The importance of a feature shows how strongly the feature influences the answer. If the importance is low, the answer only slightly depends on the feature. If the importance is high, the answer is highly influenced by the feature.

The interpretation of the meaning of a feature relates to the question of how ( = in which form, in which way) the feature influences the answer.

I will illustrate it here with a simple example. Because, you ask about ensemble methods, I will use two ensemble methods: random forest and gradient boosting:

from sklearn.ensemble import RandomForestRegressor, GradientBoostingRegressor

Let's take a 1000 samples of 3 features $x_0$, $x_1$, $x_2$, each with values between 0 and 1.

x0 = np.random.uniform(low=0.0, high=1.0, size=(1000,1))
x1 = np.random.uniform(low=0.0, high=1.0, size=(1000,1))
x2 = np.random.uniform(low=0.0, high=1.0, size=(1000,1))

X = np.concatenate((x0, x1, x2), axis=1)

Let the target variable $y$ depend on $x_0$ and $x_1$ but not on $x_2$, e.g. $y = -1 + 2x_0+sin(6\pi x_1)$

y = -1 + 2 * x0 + np.sin(6 * np.pi * x1)

These features look as follows enter image description here

Calculating feature importances with random forest,

reg = RandomForestRegressor()
reg.fit(X, y.ravel())
print(reg.feature_importances_)

gives

[0.43457062 0.55951066 0.00591872]

and with gradient boosting, reg = GradientBoostingRegressor():

[4.02569166e-01 5.96839179e-01 5.91654881e-04]

Two features $x_0$, and $x_1$ have similar importances, as can be seen from the picture above, while the importance of $x_2$ is much less (ideally, it should be zero).

Let's scale one feature relative to another, and see what happens to feature importances.

y = -0.2 + 0.4 * x0 + np.sin(6 * np.pi * x1)

enter image description here

Feature importances according to random forest:

[0.01887166 0.97918728 0.00194106]

Feature importances according to gradient boosting:

[2.08344663e-02 9.79105292e-01 6.02418447e-05]

The second feature is more important.

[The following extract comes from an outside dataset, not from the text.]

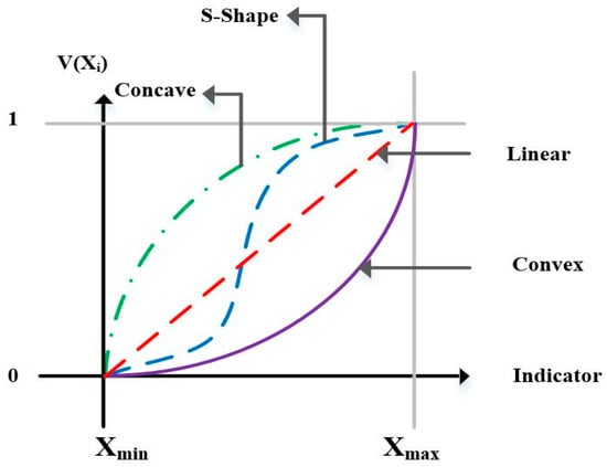 For each indicator, value functions for quantifying satisfaction/value (between 0 and 1) were defined. This dimensionless value scale is important to normalize the sum of the values for each indicator []. Figure 2 shows the various shapes of the value functions.

Let's scale them differently.

y = -1 + 2 * x0 + 0.2 * np.sin(6 * np.pi * x1)

enter image description here

Feature importances according to random forest:

[0.9545089  0.03933793 0.00615317]

Feature importances according to gradient boosting:

[9.48205203e-01 5.17843116e-02 1.04852064e-05]

Now the first feature is more important.

We could easily evaluate feature importances with ensemble algorithms, and they make sense. The feature that greater influences the answer is more important.

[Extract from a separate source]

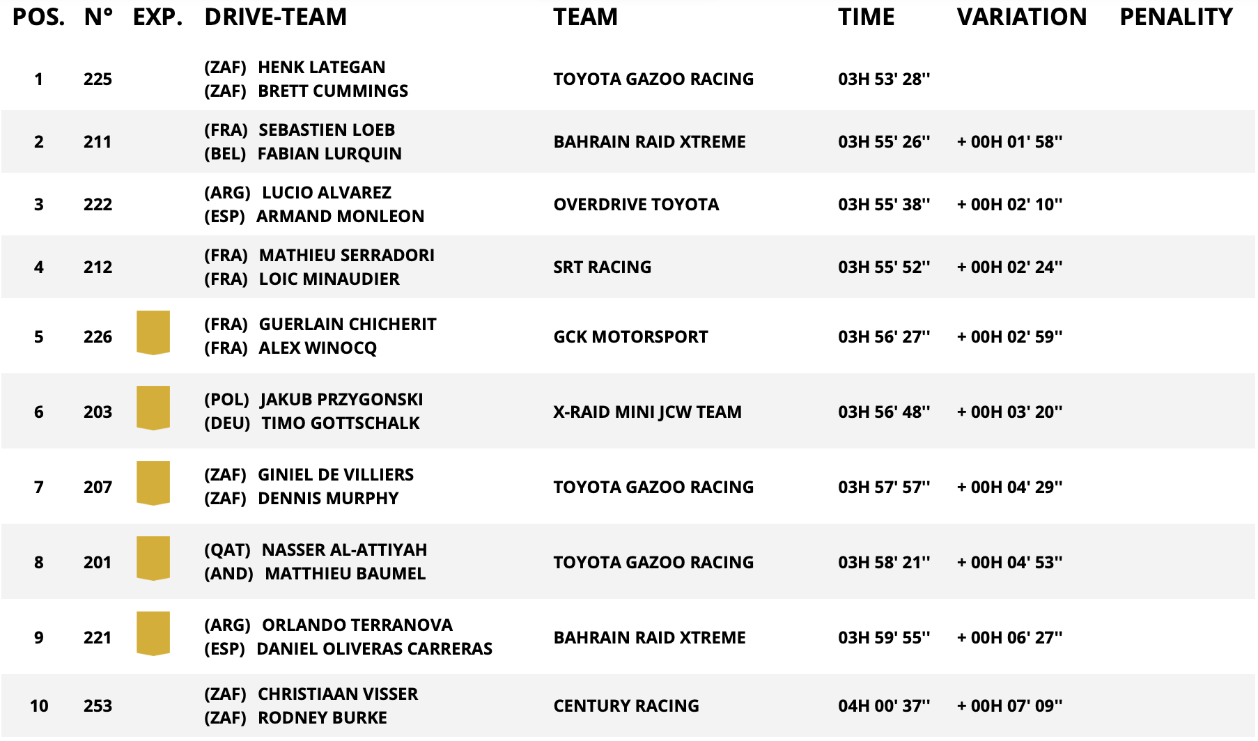 今天结束的达喀尔第五赛段汽车组的比赛中,拉特甘最终取得第一,驾驶奥迪纯电动赛车的勒布排名第二,阿尔瓦雷斯落后2分10秒排在第三位。

From the pictures, we also see the meaning of each feature. However, we cannot get the meaning easily from the ensemble algorithms. Usually, for many algorithms, it is easier to evaluate feature importances than interpret the meaning of features.

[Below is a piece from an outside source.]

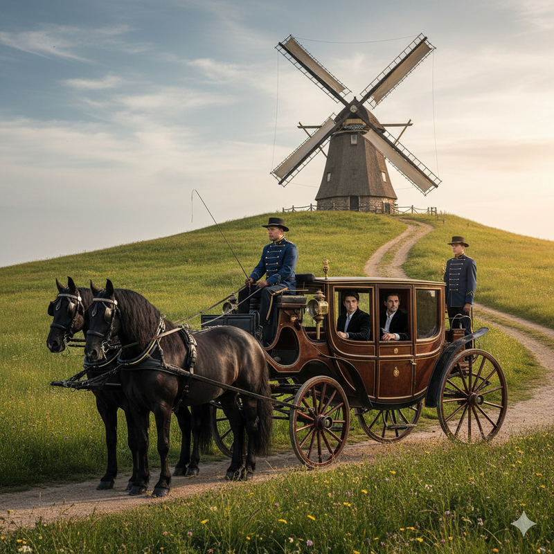 Карета зупиняється біля підніжжя невеликого пагорба, на вершині якого розташований вітряк. Саме туди я багато років тягав візок із зерном і пригальмовував віз із борошном, спускаючи його по пагорбу вниз… З тугою оглядаю такі знайомі мені місця, де пройшло моє дитинство і юність…

If the question of feature meanings can be answered by analyzing a certain algorithm, that algorithm is interpretable. Otherwise, it will be called uninterpretable, black box, or something like that. The feature is still there, its role doesn't change, no mater if a human can interpret it or not.

Even if you take the same class of algorithms, say, decision trees, you can build different decision trees for the same problem, depending on the method of tree growing. I illustrated it on the XOR example in this answer: link where two trees for the same problem are constructed, one being interpretable, the other is not.

As far as the modification of features is concerned, every algorithm modifies features. Even the decision tree does that. When it chooses a subset of a feature, it is equivalent to the multiplication of the feature by an indicator function $I(x)$: if $x<x_0$ then $I(x) = 0$ else $I(x) = 1$. Other algorithms modify features differently. Ensemble methods are nor more harmful to features than any other.